FOWLER — The township's part-time police chief has been subpoenaed to testify in front of the Trumbull County grand jury today.
State and federal officials are investigating Police Chief James Martin's juvenile diversion program, which used corporal punishment as a means of discipline. The program was being operated out of the Fowler Township Police Department.
Neither Martin, who is also a full-time police captain in Howland, nor Atty. Dominic Vitantonio, who represents him on a potential criminal matter, could be reached to comment.
Suspended from jobs
Martin has been placed on unpaid suspension from both jobs. He has not been charged criminally, but the grand jury will hear testimony that may result in criminal charges.
Since Martin received the subpoena to testify, Atty. Randall Weltman, who represents him on administrative matters, sent a letter earlier this week to Howland township trustees asking to reschedule his disciplinary hearing there.
Township officials stated that the administrative charges deal with Martin's use of corporal punishment administered to juveniles and that Martin was listing the cellular telephone number issued to him by Howland on a letterhead from the Fowler Police Department. Howland Township officials said that is an abuse of township equipment.

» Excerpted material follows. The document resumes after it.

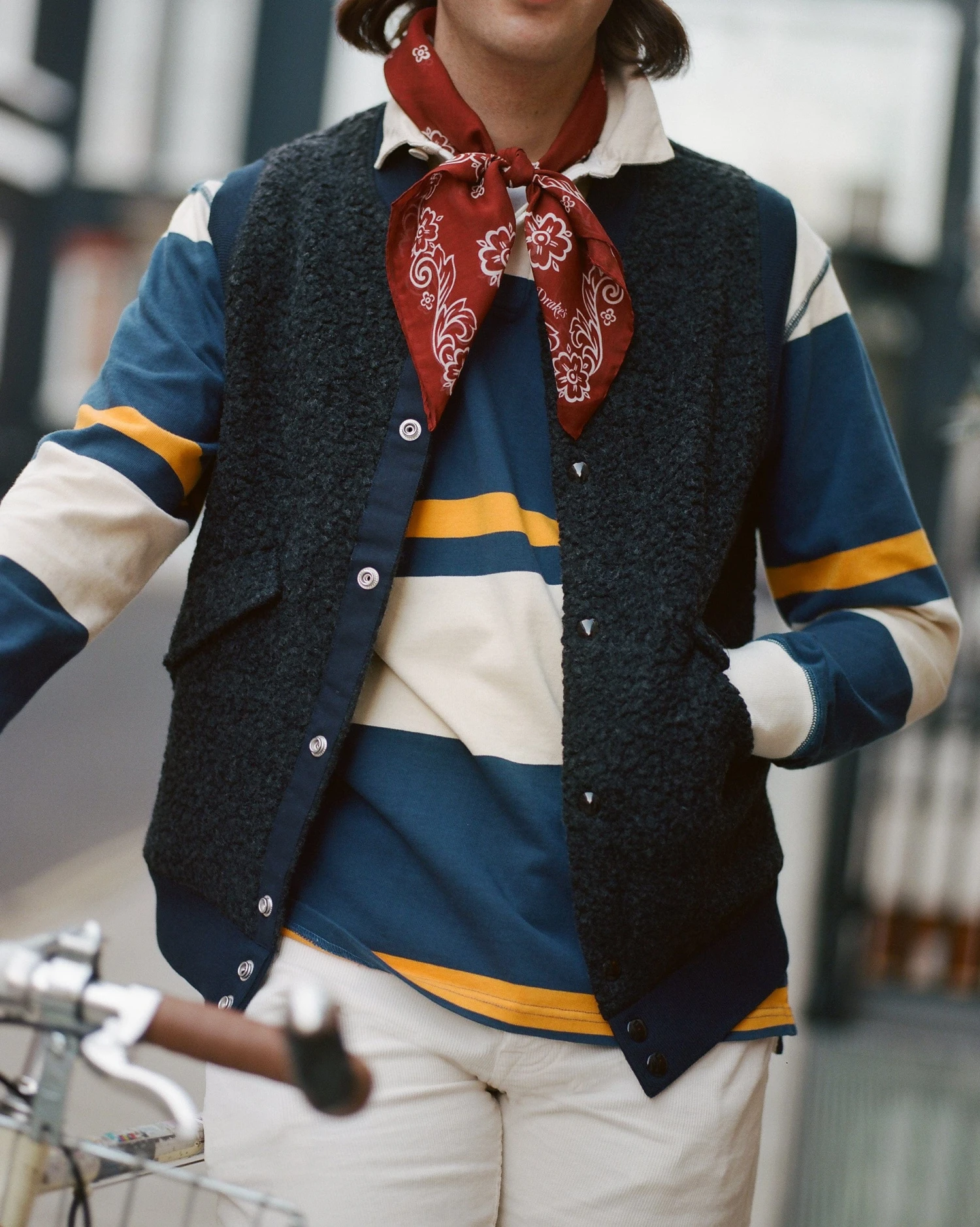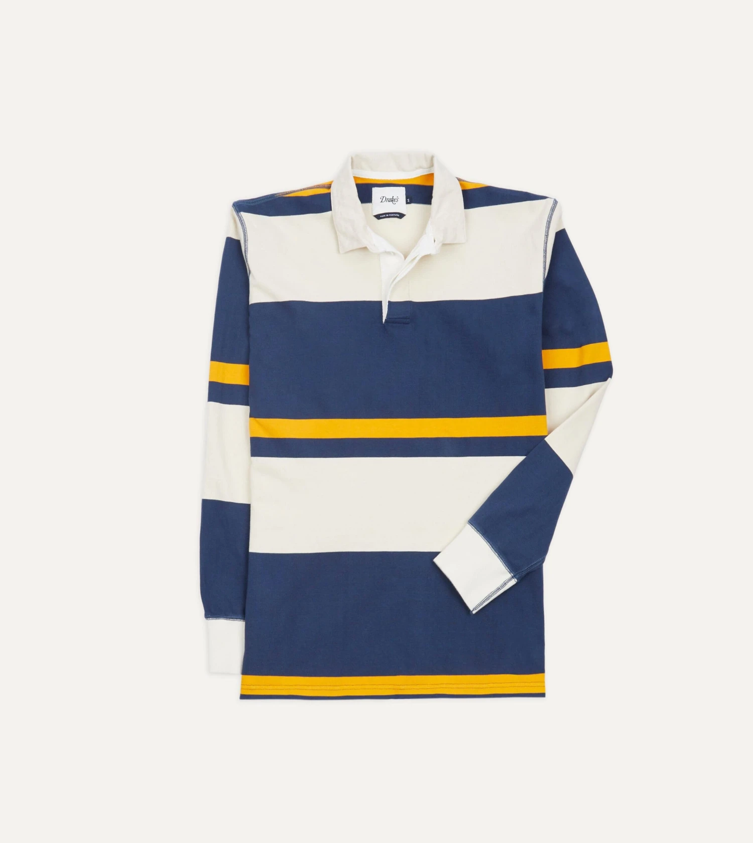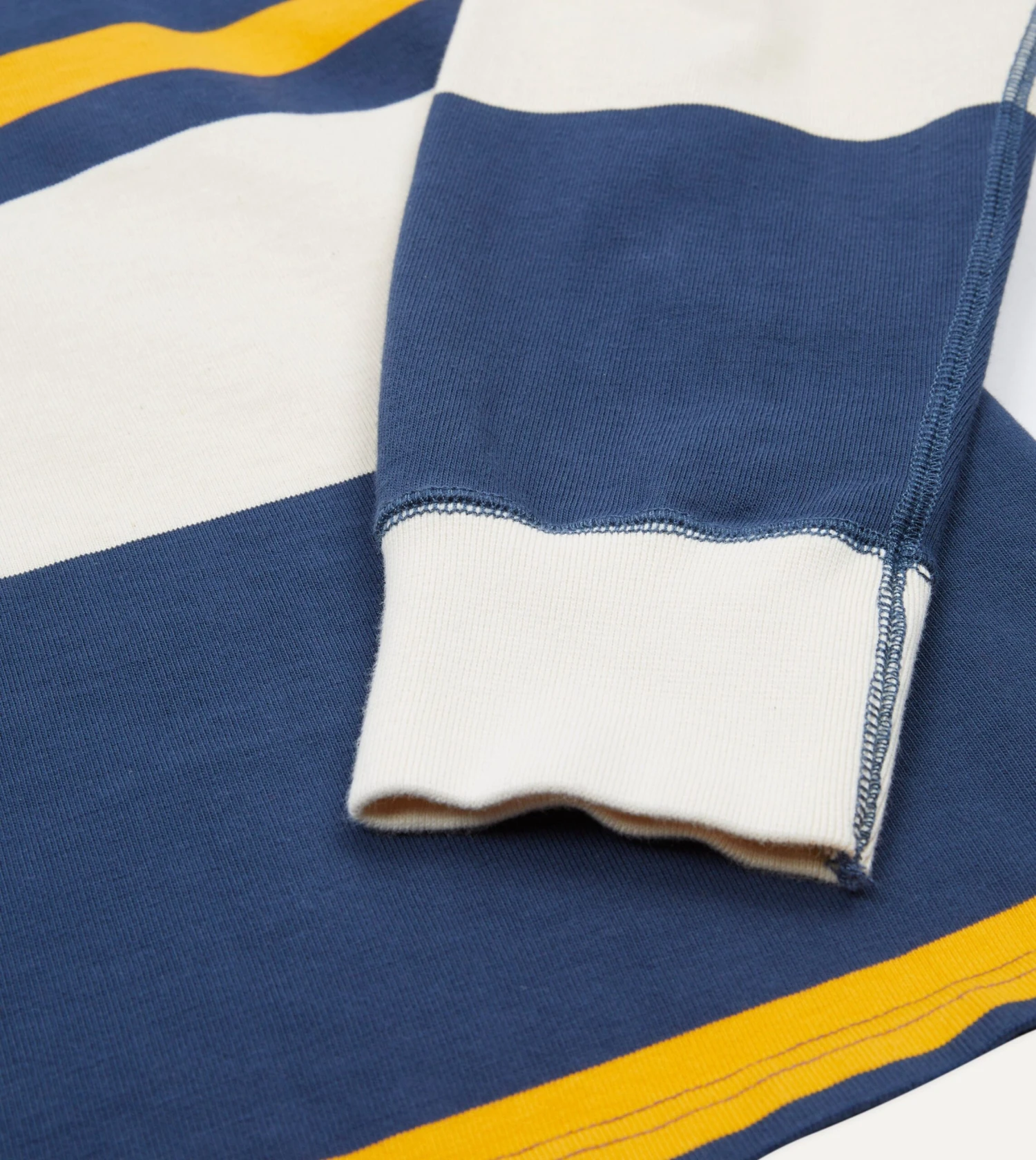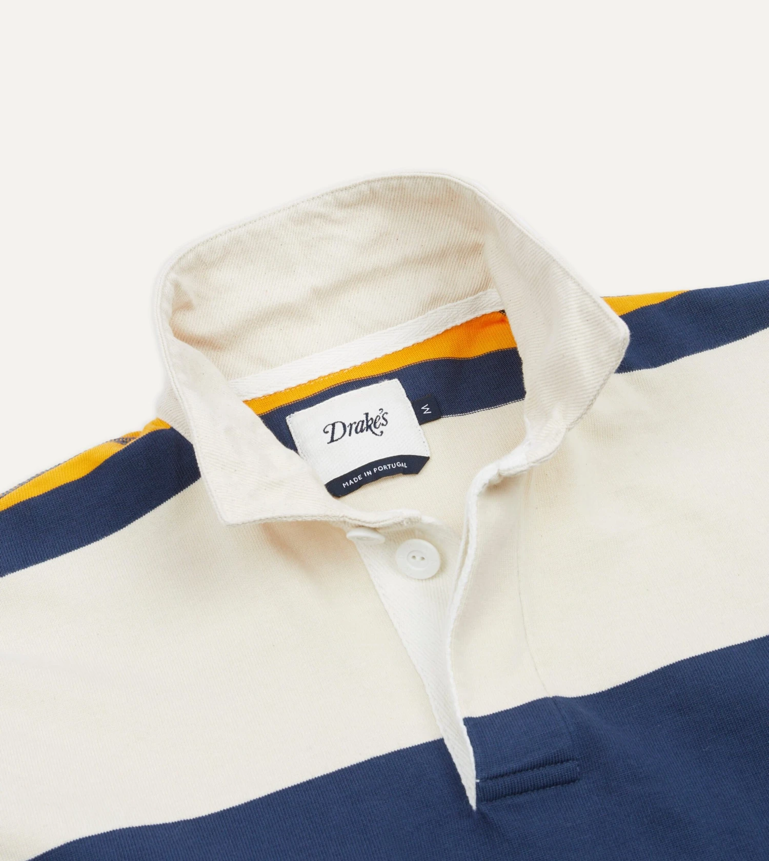 Ecru, Navy And Yellow Stripe Cotton Rugby Shirt

A hearing had been scheduled for 4 p.m. today.
"First, Captain Martin is subject to a subpoena requesting his presence at a grand jury on the afternoon of April 28," states Weltman's letter. "As you know the grand jury is convening to consider whether Captain Martin should be charged criminally for engaging in many of the same acts that are presented in Chief [Paul] Monroe's administrative charges."
Weltman's letter further states that if Martin would participate in the township's administrative hearing he would be compromising his constitutional right against self-incrimination.

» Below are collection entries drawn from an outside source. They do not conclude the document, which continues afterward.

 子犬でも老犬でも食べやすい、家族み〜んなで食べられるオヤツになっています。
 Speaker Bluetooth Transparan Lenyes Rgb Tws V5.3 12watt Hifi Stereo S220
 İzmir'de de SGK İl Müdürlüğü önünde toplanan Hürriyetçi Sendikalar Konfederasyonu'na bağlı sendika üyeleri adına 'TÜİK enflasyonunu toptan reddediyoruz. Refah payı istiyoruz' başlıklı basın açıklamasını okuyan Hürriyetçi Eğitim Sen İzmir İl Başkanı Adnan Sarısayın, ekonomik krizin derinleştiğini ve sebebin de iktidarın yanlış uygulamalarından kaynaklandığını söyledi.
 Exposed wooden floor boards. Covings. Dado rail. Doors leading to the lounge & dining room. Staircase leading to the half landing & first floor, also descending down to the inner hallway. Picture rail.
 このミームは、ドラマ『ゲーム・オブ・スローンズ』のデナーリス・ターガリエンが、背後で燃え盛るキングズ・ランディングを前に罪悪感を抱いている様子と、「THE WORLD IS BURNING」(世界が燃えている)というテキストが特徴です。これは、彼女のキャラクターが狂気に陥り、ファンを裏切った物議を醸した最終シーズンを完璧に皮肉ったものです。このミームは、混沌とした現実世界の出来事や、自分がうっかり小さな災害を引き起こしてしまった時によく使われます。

Darlene St. George, Howland Township administrator, said the hearing will be continued until the grand jury takes action. She said Martin will remain on unpaid leave.

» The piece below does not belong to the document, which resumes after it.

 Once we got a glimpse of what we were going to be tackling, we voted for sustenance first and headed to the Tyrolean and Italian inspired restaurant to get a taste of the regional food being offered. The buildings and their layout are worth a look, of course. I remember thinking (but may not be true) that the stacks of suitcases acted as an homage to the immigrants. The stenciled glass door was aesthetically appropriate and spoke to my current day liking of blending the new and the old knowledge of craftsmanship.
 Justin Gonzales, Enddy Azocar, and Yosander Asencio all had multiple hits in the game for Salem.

This is the sixth time the grand jury has heard evidence in Martin's case.
Three teenagers have filed federal civil suits against Martin saying they were paddled as part of the diversion program.
The FBI and the state Bureau of Criminal Identification and Investigation are investigating Martin. Vitantonio has said that he does not think Martin will face any criminal charges.
He said Martin used corporal punishment in his diversion program only in limited cases. When paddling was used, the juvenile and parents both agreed beforehand, he added.